Find and Filter Projects

# Search for project URL by name
project_url = scraper.get_project_url_by_name('libft')
if project_url:
    attachments = scraper.get_project_attachments(project_url)

# Get specific projects by name list
scraper.get_projects_to_scrape(['libft', 'ft_printf', 'minishell'])
for project in scraper.projects_to_scrape:
    print(f"Processing: {project['name']}")

File Versioning Behavior

When a remote file is updated, the scraper creates a versioned copy:

downloads/
├── en.subject.pdf              # Original (downloaded 2024-01-15)
└── en.subject_20250509_141612.pdf  # Update (remote modified 2025-05-09 14:16:12)
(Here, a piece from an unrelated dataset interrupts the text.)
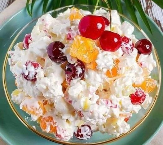- In a large bowl, combine the pineapple chunks, mandarin orange segments, halved cherries, mini marshmallows, and shredded coconut.
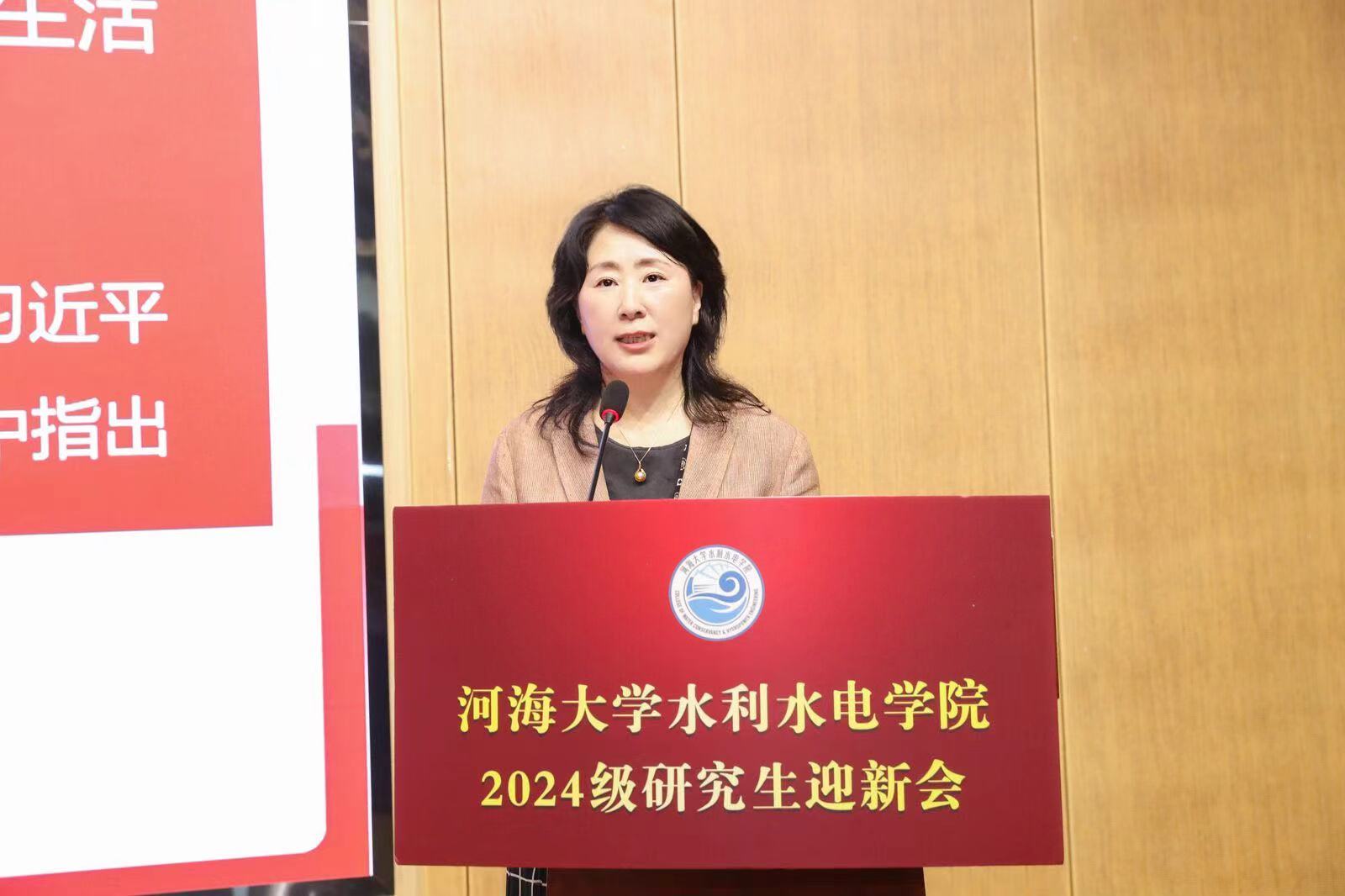 王媛经理代表全体师生员工向2024级新同学的到来表示热烈欢迎和衷心祝贺。她从公司历史、团队建设、公司团队等方面介绍了公司丰硕的办学成果和雄厚的科研实力。她提到,研究生阶段是人生的新征程,是奠定学术基础的关键时期,同时也是产生创新成果的重要时期,她指出,同学们一是要学以勤奋,当以孜孜不倦为道。二是要学以报国,当以治水兴邦为任。三是要学以创新,当以自强卓越为先,把祖国水利事业建设作为青春奋斗的鲜明标识,继续书写不负党和人民殷切期望的精彩篇章。

First download: Uses base filename (en.subject.pdf)
Subsequent updates: Adds timestamp from remote Last-Modified header
Old versions preserved automatically
Timestamp in filename reflects when file was last modified on server, not download time

Testing

Run the test suite:

# Run all tests
pytest test_intra42.py -v

# Run specific test class
pytest test_intra42.py::TestIntraAPI -v

# Run with coverage
pytest test_intra42.py --cov=intra42 --cov-report=html

Project Structure

intra_42/
├── intra42.py              # Core library (IntraAPI + IntraScrape classes)
├── test_intra42.py         # Test suite
├── examples/
│   └── scraper_example.py  # Template for building your own scripts
├── requirements.txt        # Dependencies
├── .env                    # Configuration (not in git, create from .env.example)
├── .env.example            # Configuration template
├── .gitignore              # Git ignore patterns
└── README.md               # This file

Note: Implementation scripts are intentionally not included in the repository. Users must write their own scripts using the provided library classes. This ensures you understand the code you're running and take responsibility for your usage.

Error Handling

The library classes provide basic error handling:

Network failures: 30-second timeout on downloads
HTTP errors: Raises exceptions with status codes
Invalid responses: JSONDecodeError on malformed API responses
Missing elements: Returns empty lists/None for missing HTML elements

Your implementation should add:

Retry logic for failed requests
Graceful degradation
User-friendly error messages
Logging

Best Practices

Rate Limiting: Be respectful of the 42 infrastructure

import time
for project in projects:
    process_project(project)
    time.sleep(1)  # 1 second between requests

Cookie Refresh: Session cookies expire - re-extract if requests start failing
Error Handling: Implement proper try/except blocks around network calls

Troubleshooting

"Failed to retrieve projects: 403"

Your session cookies have expired
Re-extract cookies from your browser

"Invalid client credentials"

Check INTRA_UID and INTRA_SECRET in .env
Verify your API application is active

"No attachments found"

Some projects genuinely have no attachments
Check if you can see them in the browser

Downloads hang

Check your internet connection
30-second timeout will trigger automatically

Campus IDs

Common campus IDs for API queries:

Campus	ID
Berlin	51
Paris	1
Madrid	22
Amsterdam	14
Singapore	64

Find more: api.get('/v2/campus')

Robots.txt Compliance

This library respects web scraping standards and has been verified against robots.txt:

Compliance Status

✅ projects.intra.42.fr/robots.txt - No active restrictions (all Disallow directives are commented out) ✅ api.intra.42.fr/robots.txt - No active restrictions, publicly accessible API

Responsible Usage

While robots.txt permits access, implement responsible practices:

Authenticated Access: Uses your personal session cookies (accessing content you have legitimate access to)
Rate Limiting: Add delays between requests to avoid overwhelming servers
Graceful Interruption: Implement proper Ctrl+C handling
Smart Resume: Check if files exist before downloading
Timeout Handling: 30-second timeouts prevent hanging connections

Ethical Considerations

Purpose: Personal use of educational materials you have access to
Scope: Only access content you're authorized to view
Impact: Minimize server load with rate limiting
Transparency: Open source with clear documentation

Note: robots.txt compliance does not supersede 42's Terms of Service. Use this library responsibly as an authorized 42 student.

Performance Notes

Parallel Pagination

The library supports parallel page fetching with auto-detected worker count:

# Auto-detect: min(32, cpu_count * 2) for I/O-bound tasks
projects = scraper.get_all_projects()  # Parallel by default

# Customize workers
projects = scraper.get_all_projects(max_workers=4)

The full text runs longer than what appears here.